-------- MATERIAL PROVIDED --------

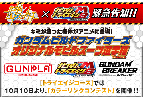 さらに、10月7日(月)より放送予定のTVシリーズ最新作『ガンダムビルドファイターズ』との連動企画「ガンダムビルドファイターズ オリジナルモビルスーツ選手権」のひとつとして、「ガンダムトライエイジ」では、優秀作品がアニメに登場する「カラーリングコンテスト」が10月10日(木)より実施されるぞ!
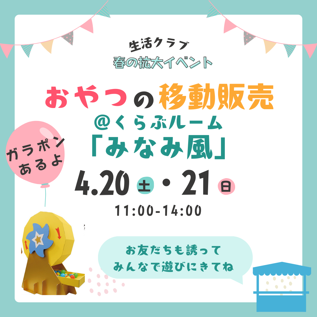 *移動販売はくらぶルームみなみ風で行います
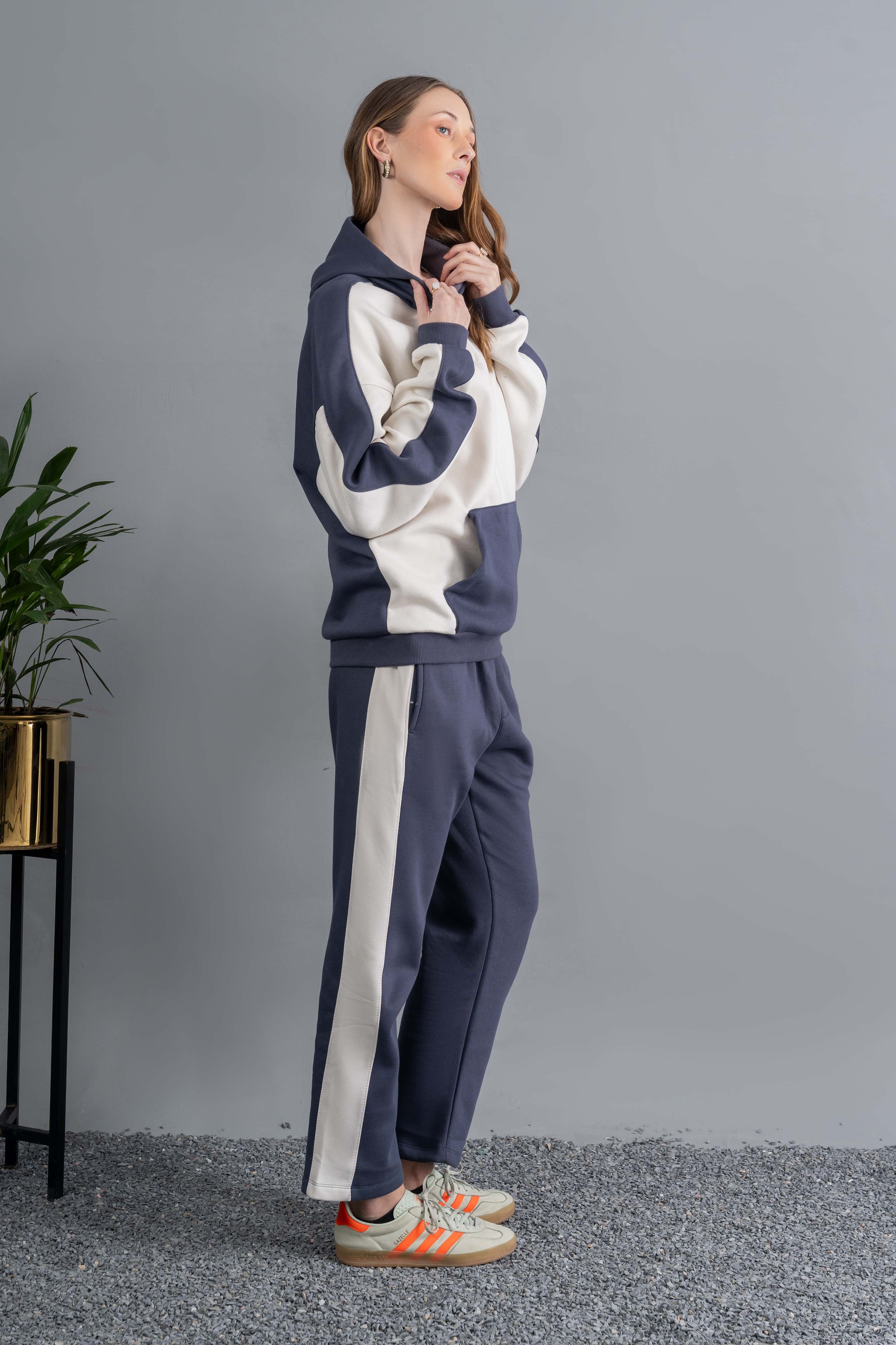 A clean two-tone tracksuit set in slate blue and ivory, built for comfort and everyday wear. The hoodie features a kangaroo pocket and smooth contrast paneling, paired with straight-fit trousers finished with an ivory side stripe. Soft, easy to move in, and perfect for casual days or layering up in a minimal street style look.

--------

Each line of the data must be restated exactly, and the pictures must be left out.

> [TASK RESPONSE]:
 さらに、10月7日(月)より放送予定のTVシリーズ最新作『ガンダムビルドファイターズ』との連動企画「ガンダムビルドファイターズ オリジナルモビルスーツ選手権」のひとつとして、「ガンダムトライエイジ」では、優秀作品がアニメに登場する「カラーリングコンテスト」が10月10日(木)より実施されるぞ!
 *移動販売はくらぶルームみなみ風で行います
 A clean two-tone tracksuit set in slate blue and ivory, built for comfort and everyday wear. The hoodie features a kangaroo pocket and smooth contrast paneling, paired with straight-fit trousers finished with an ivory side stripe. Soft, easy to move in, and perfect for casual days or layering up in a minimal street style look.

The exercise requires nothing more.